32.768kHz crystal at top and 24MHz at bottom.

Next up is the video ADC (Analog to Digital Converter) or RX (Receiver). There will be one or more of these chips on the board, taking analog video and digitising it. There tends to be one chip for every 4 channels. This is in a QFN (Quad Flat No-leads) package, which means you can just about access the signals around the edge. This part of the board is generally not of security interest though.

Video RX or ADC

Nearly all DVRs will have an Ethernet port. Ethernet is isolated, using a small set of transformers. Often there is a large package near to the port containing these transformers. It is not a chip and is not interesting in security terms.

Ethernet jack and magnetics

The area near to the power input will be the power supply.
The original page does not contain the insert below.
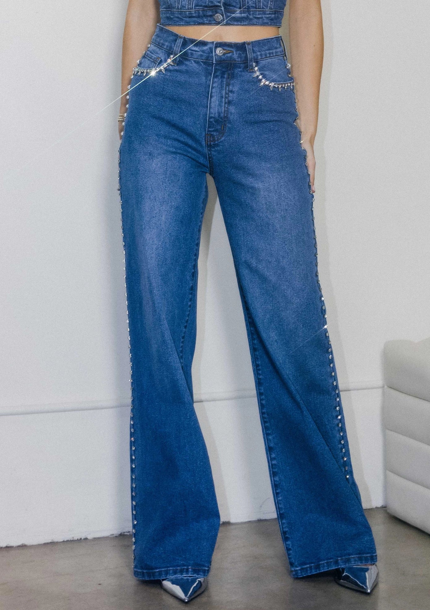 Turn heads and elevate your denim game with our Starlit Studded Wide-Leg Jeans – the ultimate blend of bold, modern glam and vintage flair. Designed for the fashion-forward woman aged 20–40 who isn't afraid to shine, these high-rise jeans are detailed with eye-catching silver studs that trace the side seams for a sleek, elongated silhouette. The ultra-flattering wide-leg cut balances comfort and style, while the premium stretch denim hugs you in all the right places.

There will generally be a switch-mode power supply to drop the voltage down from 12V to 5V, then linear regulators for the 3.3V for the SoC. Again, this has little security relevance to us.

Power supply area

We can quickly isolate power supply areas by looking for certain components. 4-pin packages with one very large tab are normally linear regulators. The large tab allows heat to be conducted onto the PCB to keep it cool.

Regulator

Large cylindrical capacitors are called electrolytics, and are power reserves, used for smoothing.

Electrolytic capacitor

Finally, small coils of wire are inductors, very common in switch-mode power supplies. They will be marked with an “L”

Inductor

Finding serial ports is key. I’ve found that for most DVRs, this will be 3 pin – GND, RX and TX. There is also sometimes a voltage supply as well.

On this DVR it was a 3-pin connector. You can easily make out the ground – it’s the left, pin, connected to the large “ground pour” on the PCB. The other two pins have very fine traces, leading away – likely signals.

Find all the suitable candidates for serial ports when performing an overview of the board. We’ll look into working out if they are serial and how to connect in a later post.

Serial port

Conclusion

I hope that’s helped in understanding the major components on a DVR. This can be applied to most small embedded devices, but many routers and other IoT now use different forms of flash memory such as eMMC.